One problem is that corporations only recognize short-term interests, only pay attention to the sort of Darwinian pressures that elements in what is called the right profess not to believe in. The fact is, over the long run, the corporate/Republican destruction of the Middle Class will also destroy the foundations of the American economy (as well as their deliberate denial of responsibility for the maintenance of our infrastructure). The buffoons in the think tanks and policy periodicals can easily ignore their own failures, since there is no one but the tiny voices in the blogosphere pointing any of this out. This gives the clowns in the news media an excuse to ignore it, as well.
That was the real mistake Barack Obama made with his comment about Reagan’s ability to bring "ideas" to politics. He didn’t. Reagan had no ideas, at least none that were not erroneous, but he did have slogans. Reagan’s ability to win elections with bogus ideas dressed up in easily-digested slogans set the stage for Karl Rove’s subversion of democracy with his own brand of Goebels’ propaganda.

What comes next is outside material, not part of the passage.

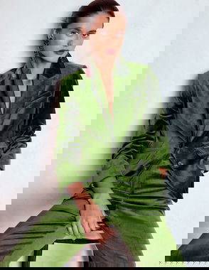 Cut from a weightier wool and cotton-blend fabric, this fully-lined blazer feels substantial when layered over a popling shirt or tee. The relaxed silhouette features a two-button fastening, flat front poackets, and peak lapels.more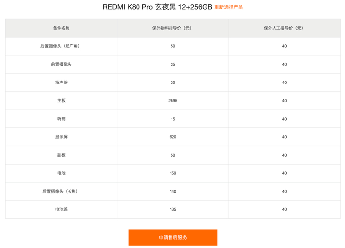本周三晚上,红米发布了品牌标识焕新后的首个产品:REDMI K80系列(K80和K80 Pro两款新机),当晚发布即开售,随着上市官网也更新了新机的维修备件价格,来看看如何~

The problem is that lies are easy to turn into slogans; real ideas are not. Real understanding and real confidence in your own limitations are hard to turn into the tools of ambition. If a rational politician says, "I made mistakes, and I learned from them, and I know more now than I did then," he is vilified for having even been in error, as if the Republicans have not made careers out of being wrong about every issue they touch. If a politician says, "This is a complex, difficult problem, and we will have to work at answers, and try different solutions, and see what works, because there is no one right answer to all problems that works everywhere, for all time," he is called weak and vacillating.
Bush told us what his goal was when he tried to "reform" Social Security. He said he wanted to "fix it for all time." There is only one way to do that. Destroy it.
Real leadership is listening, which gets you called a flip-flopper. Real leadership is paying attention to ideas, which means you will somehow give someone looking for an excuse reason to be offended. Real leadership is telling people who are wrong that they are wrong, and their ideas have been proven wrong, and they don’t deserve a seat at the table.
I’m still looking for real leadership, because lies are rewarded, leadership is punished, and the truth is a ticket to obscurity.